It seems we're discussing different meanings of the word "generalize".
I propose we as developers, start a secret society where we let the AI write the code, but we still claim to write it manually. In combination with the new working from home policies, we can lay at the beach all day and still be as productive as before.
This would be the demise of the human race. I’m not entirely opposed to that, though. When AI inevitably outperforms humans on almost all tasks, who am I to say humans deserve to be given those tasks?
In this case we should be able to work less and enjoy the benefits of automation. We just need to live in an economic system where the economic value is captured by the people at large, and not a minority that owns capital.
> When AI inevitably outperforms humans on almost all tasks
Correct me if I’m wrong, but is that even possible? I kind of thought that AI is just set of fancy statistical models that requires some (preferably huge) data set in order to infer the best fit. These models can only outperform humans in scenarios where the parameters are well defined.
Many (most?) tasks humans regularly perform don’t have clean and well defined parameters, and there is no AI we can conceive of which are theoretically able to perform the task better then an average human with the adequate training.
> Correct me if I’m wrong, but is that even possible?
It's not possible because of comparative advantage - someone being better than you at literally everything isn't enough to stop you from having a job, because they have better things to do than replace you. Plus "being a human" is a task that people can be employed at.
> Correct me if I’m wrong, but is that even possible?
Why should it be impossible? Arguing that it's impossible for an AI to outperform a human on almost all tasks is like arguing that it's impossible for flying machines to outperform birds.
There's nothing magical going on in our heads. It's just a set of chemical gradients and electrical signals that result in us doing or thinking particular things. Why can't we design a computer that does everything we do... only faster?
"Why can't we design a computer that does everything we do... only faster?"
I think the key word in that sentence might be "we". That is, you could hypothesize that while it's possible in principle for such a computer to exist, it might be beyond what humans and human civilization are capable of in this era. I don't know if this is true or not, but it's kind of intuitively plausible that it's difficult for a designer to design something as complex as the designer themselves, and the space of AI we can design is smaller than the space of theoretically conceivable AI.
> it's difficult for a designer to design something as complex as the designer themselves
AlphaGo ... hello? It beat its creators at Go, and a few months later the top players. I don't think supervised learning can ever surpass its creators in generalization capability, but RL can.
The key ingredient is learning in an environment, which is like a "dynamic dataset". Humans discovered science the same way - hypothesis, experiment, conclusion, rinse and repeat, all possible because we had access to the physical environment in all its glory.
It's like the difference between reading all books about swimming (supervised) and having a pool (RL). You learn to actually swim from the water, not the book.
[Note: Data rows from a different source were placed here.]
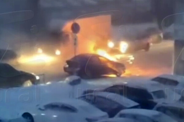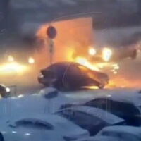 На опубликованном видео видно, что из подкапотного пространства автомобиля вырываются языки пламени, также огонь виден в районе переднего колеса. Автор видео сказал за кадром, что машину пытались потушить при помощи огнетушителя. После того, как справиться с огнем не удалось, люди отошли от машины.
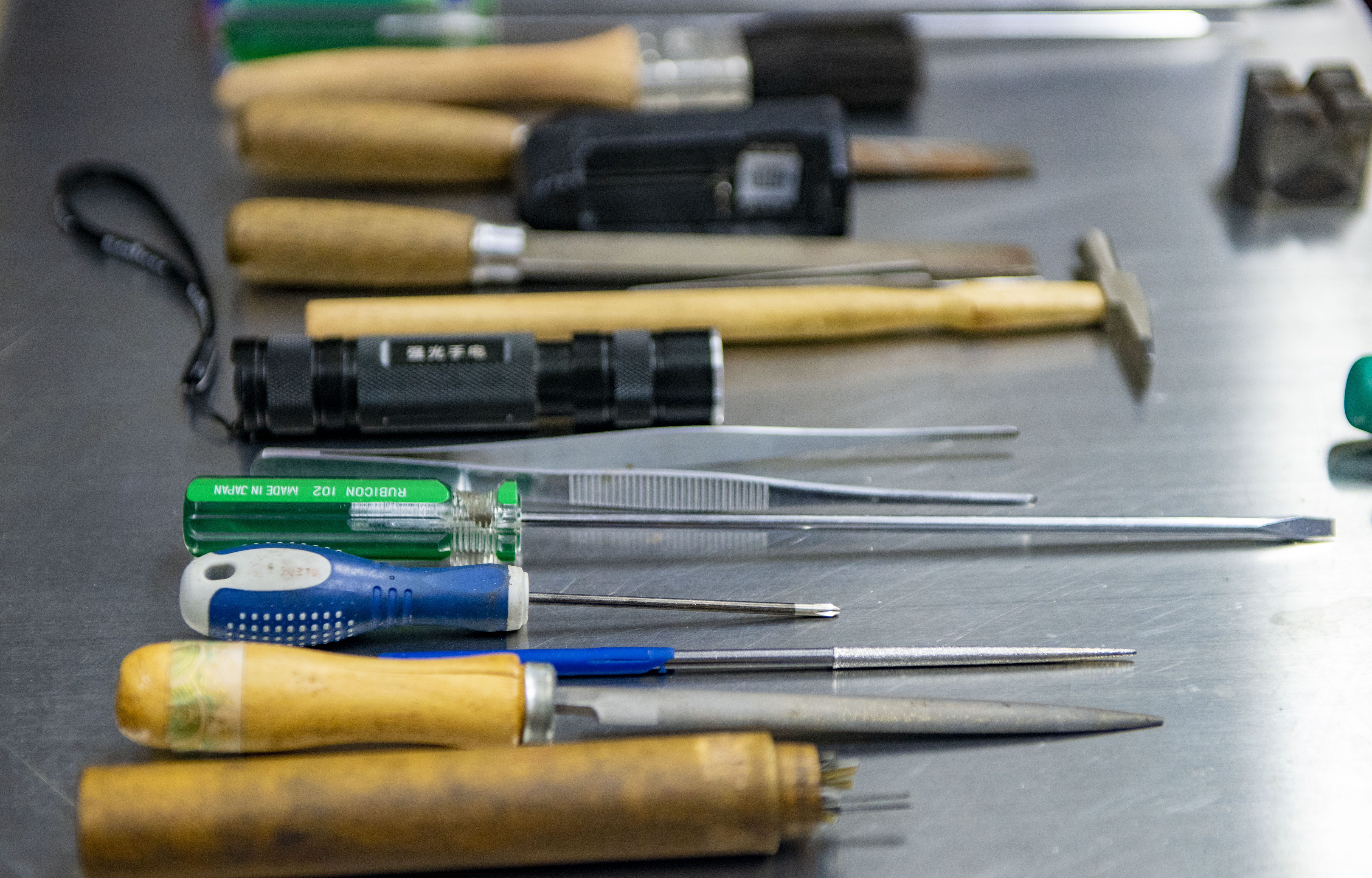 据广州博物馆已退休的前辈们回忆,1982年12月,馆方曾邀请王津老师跟他师傅一行4人来广州修复广钟。当时条件非常有限,修复组在镇海楼一层大厅的右侧拉了一个屏风作为隔断,后面摆上两张写字台,就成了临时修复区。这些修复工具可能是40年前那次修复工作留下来的,在完成修复工作后,当时的修复人员细心地整理好修复工具,并写上用途,文物保管员则将其一代延续一代保存至今。
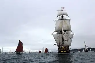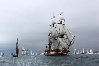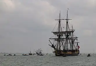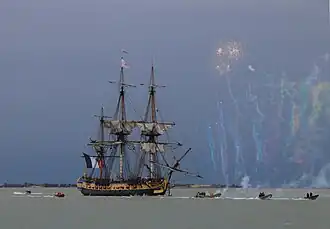 La Hermione es una réplica del navío de guerra francés homónimo que estuvo en servicio entre 1779 y 1793. Su reconstrucción comenzó en 1997 en el arsenal de Rochefort y fue botada[1] el 7 de septiembre de 2014.

A coding agent's environment is a compiler + cpu, pretty cheap and fast compared to robotics which require expensive hardware and dialogue agents which can't be evaluated outside their training data without humans in the loop. So I have high hopes for its future.
There might be limit to how efficiently a general purpose machine can perform a specific task, similar to the Heisenberg uncertainty principal in quantum physics. That is to say, there might be a natural law that dictates that the more generic a machine is, the more power it requires to perform specific tasks. Our brains are kind of specialized. If you want to build a machine that outperforms humans in a single task, no problem, we’ve done that many times over. But a machine that can outperform us in any task, that might just be impossible.
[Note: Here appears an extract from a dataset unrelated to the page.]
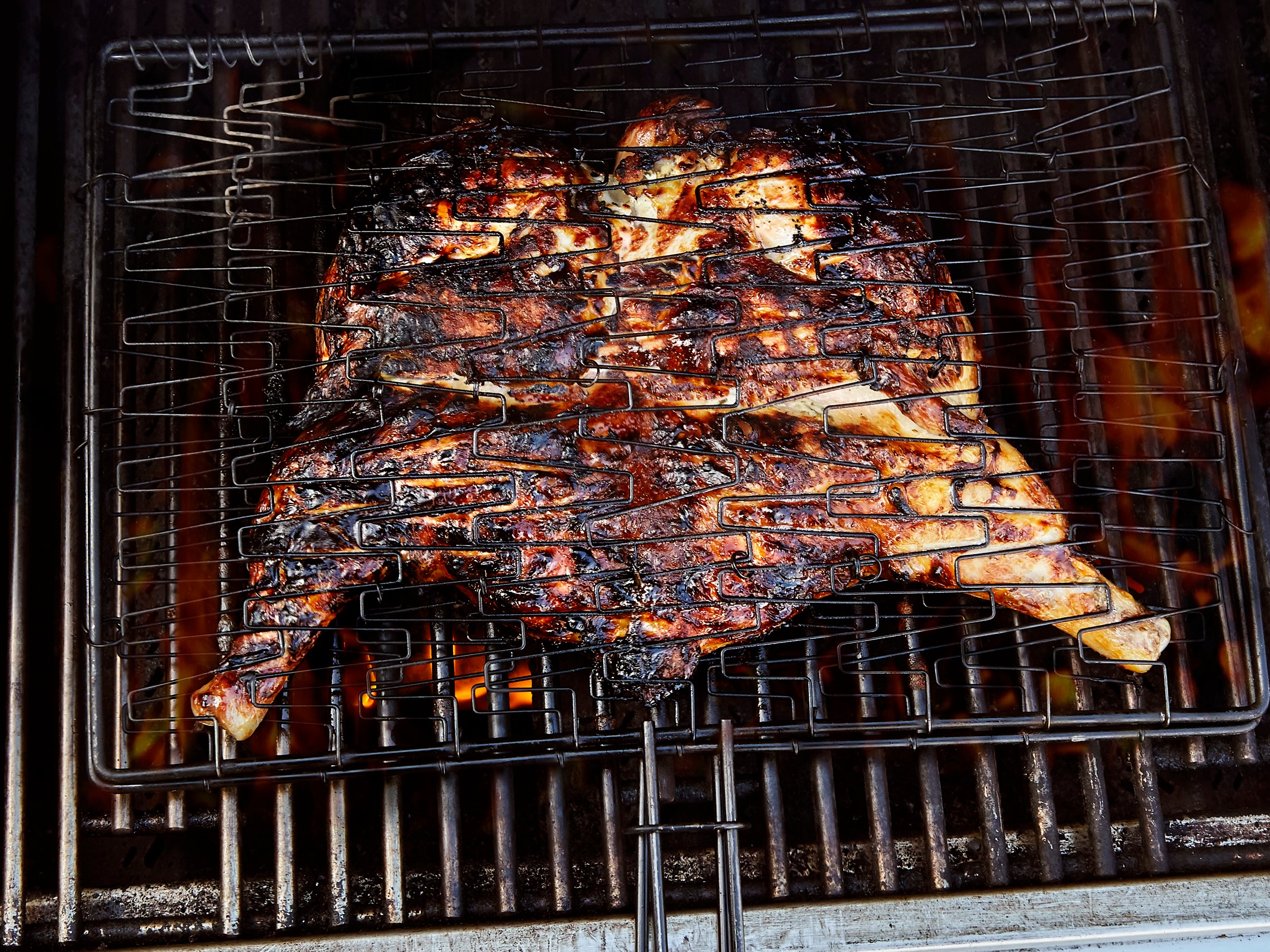 Second, Helou warns against caking the yogurt onto the meat—you want an even yogurt layer, but if there’s too much, it will stick to the grill or skillet, causing burning.

I'm not arguing that machines will be more efficient than human brains. A airplane isn't more efficient than a goose. But airplanes do fly faster, higher and with more cargo than any flock of geese could ever carry.
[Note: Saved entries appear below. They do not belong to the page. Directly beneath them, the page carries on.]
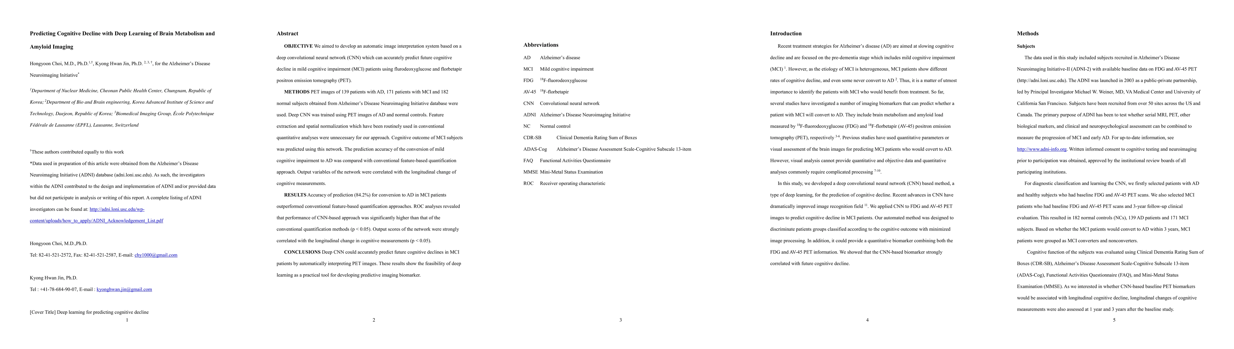 This study developed a deep convolutional neural network to predict cognitive decline in mild cognitive impairment patients using PET scans, achieving 84.2% accuracy. The method outperforms conventional quantification techniques and correlates strongly with longitudinal cognitive changes, demonstrating deep learning's potential for predicting Alzheimer's disease outcomes.
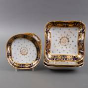 Drie porseleinen vierkante dienschalen en één dienschaal met 'beau bleu' en verguld decor, vermoedelijk uitvoering Porcelain de Paris, Frankrijk, eerste kwart 19e eeuw, vierkante schaal 24 × 24 cm, herkomst: koning Louis Philippe (volgens overlevering), graaf van Bylandt, en privécollectie van kunsthandelaar Abraham van der Meer (1927-2008), destijds gevestigd op de Spiegelgracht 3 te Amsterdam
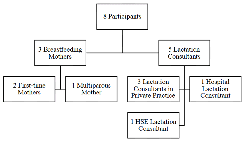 Participants were selected from target populations of breastfeeding mothers and lactation consultants. Purposively selecting a sample from a target population is appropriate as the data collection, processing and analysis are cost and time efficient (Daniel, 2015). Sampling is a low-cost method that allows the researcher to collect the necessary data within the time constraints of the project. Purposive sampling was used to select participants who had first-hand experience of breastfeeding support who were able to provide rich and valuable data relevant to the topic being explored. A small sample size of eight participants (Figure 1) was used as this was large enough to generate original and high quality, rich data but also small enough to get an in-depth analysis (Vasileiou et al., 2018).
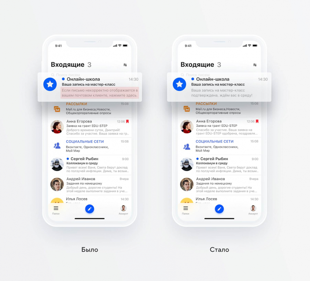 Благодаря умным уведомлениям стало проще выделять важные письма в растущем потоке писем. Теперь с первого взгляда на экран смартфона или на панель со списком сообщений становится понятно, о чем письмо и насколько оно срочное. Новая функция помогает пользователю сосредоточиться на главном и экономит его время.
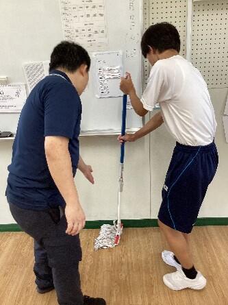 実際に会社で行われている、清掃の手順を教わり、普段より丁寧かつ、きれいに清掃することができました。
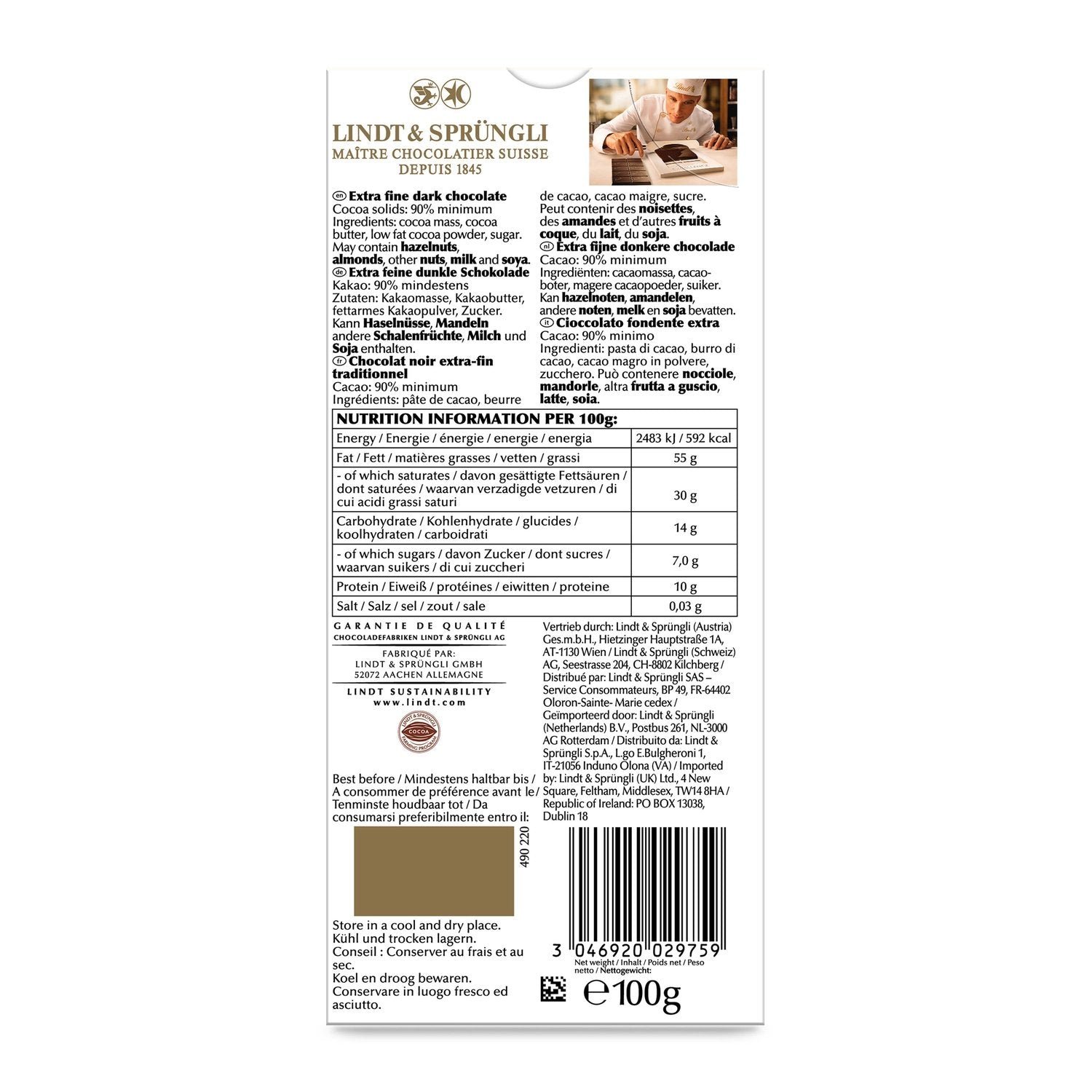 Lindt Excellence Dark Chocolate Bar 90% cocoa, the intensity of premium dark chocolate with powerful cocoa notes. Treat your senses to an extra-fine chocolate exceptionally rich in cocoa. Since the 1980s, Lindt has been constantly perfecting the art of quality dark chocolate. Prepared using the finest ingredients and sustainably sourced cocoa beans.

Similarly, there is no contradiction between AI being less efficient than a human brain, and AI being preferable to humans because it can deal with data sets that are two or three orders of magnitude too large for any human (or even team of humans).
Even so, such AI doesn’t exist. All the AIs that exist today operate by fitting data. And to be able to perform a useful task it has to have well defined parameters and fit the data according to them. I’m not sure an AI that operates outside of these confinements have even been conceived of.
To make an AI that outperforms humans in any task has not been proven to be possible (to my knowledge) not even in theory. An airplane will fly faster, higher and with more cargo then a flock of geese, but a flock of geese reproduce, communicate with each other, digest grass, etc. An airplane will not outperform a flock of geese in any task, just the tasks which the airplane is optimized for.
I’m sorry, I confused the debate a little by talking about efficiency. My point was that there might be an inverse relation of generality of a machine and it’s efficiency. This was my way of providing a mechanism in which building a machine that outperforms humans in any task could be impossible. This mechanism—if it exists—could be sufficient in preventing such machines to be theoretically possible, as at some point you would need all the energy in the universe to perform a task better then a specialized machine (such as an organism).
Perhaps this inverse relationship doesn’t exists. The universe might conspire in a million other ways to make it impossible for us to build an AI that will outperform us in any task. The point is that “AI will outperforme humans in any task” is far from inevitable.
> All the AIs that exist today operate by fitting data. And to be able to perform a useful task it has to have well defined parameters and fit the data according to them. I’m not sure an AI that operates outside of these confinements have even been conceived of.
Such an AI has absolutely been conceived of. In Superintelligence: Paths, Dangers, Strategies, Nick Bostrom goes over the ways such an AI could exist, and poses some scenarios about how a recursively self-improving AI could "take off" and exceed human intellectual capacity on its own.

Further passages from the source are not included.